Urban Tundra | Intelligent Innovation

The Bio Reaction

Scaling up Oxygen Generation

We repeated the above experiment at larger scale with the following modifications. 50 mL cultures were grown overnight in 200mL Erlenmeyer flasks using the same conditions described above. In place of Cld(SP+) we used a culture of E. coli that contained no plasmid as a negative control. The next day stir bars were added to each flask and the cultures were stirred at moderate speed. Solid chlorite was added to each flask to a final concentration of 0.5M. A condom was placed over each flask to collect the generated O2 . Condoms were selected because of their thin, flexible nature that when filled with O2 would produce an approximate cylinder whose volume could be calculated from it diameter and length. The results are presented in the video in the video above.

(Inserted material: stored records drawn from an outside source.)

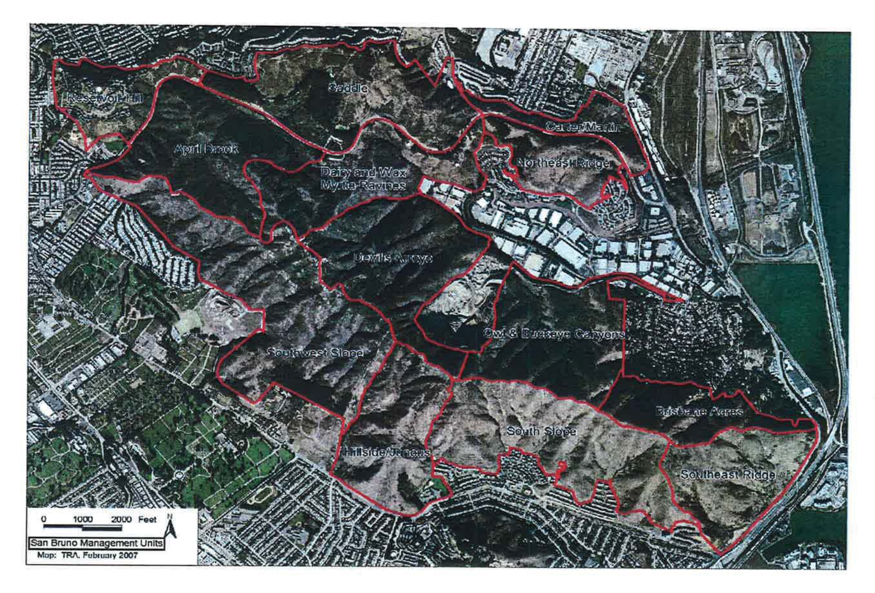
FIGURE 1: San Bruno Mountain Management Units
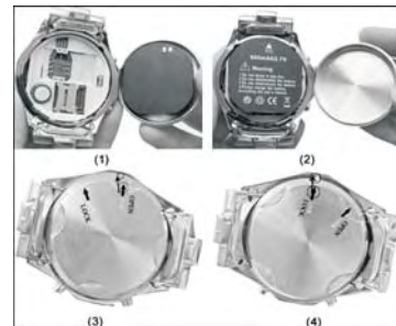
step to install the battery: from photo(1) to photo(4). step to uninstall the battery: from photo(4) to photo(1)
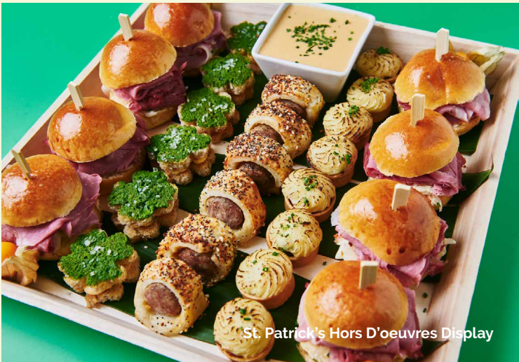
St. Patrick's Hors D'oeuvres Display
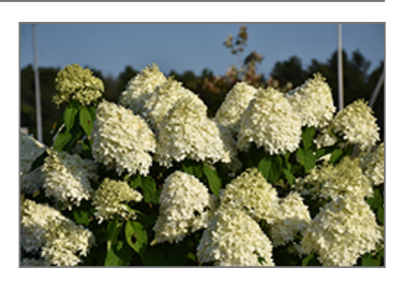
Limelight Hydrangea flowers

Conceptual Bioreactor Sketch
  1. Martian soil and water are mixed together to create a sludge in this first module.
  2. The Martian soil solution is filtered through to the next stage where the perchlorate ions are absorbed by rods filled with activated charcoal.
  3. The activated charcoal rods are shunted into a module with boiling water. Boiling the water releases the perchlorate ions creating a solution of perchlorate ions. The solution is also diluted if necessary at this stage if the perchlorate concentration is too high, to ensure the survival of the E. Coli in the next stage.
  4. The perchlorate solution is precipitated into a chamber layered with the genetically modified E. Coli where the perchlorate is converted into oxygen and chloride ions. Biomass from the mission is used to feed the E. Coli, and the waste can be reused as fertilizer for possible agriculture operations. The oxygen gas and chloride is separated by a membrane after exiting the chamber.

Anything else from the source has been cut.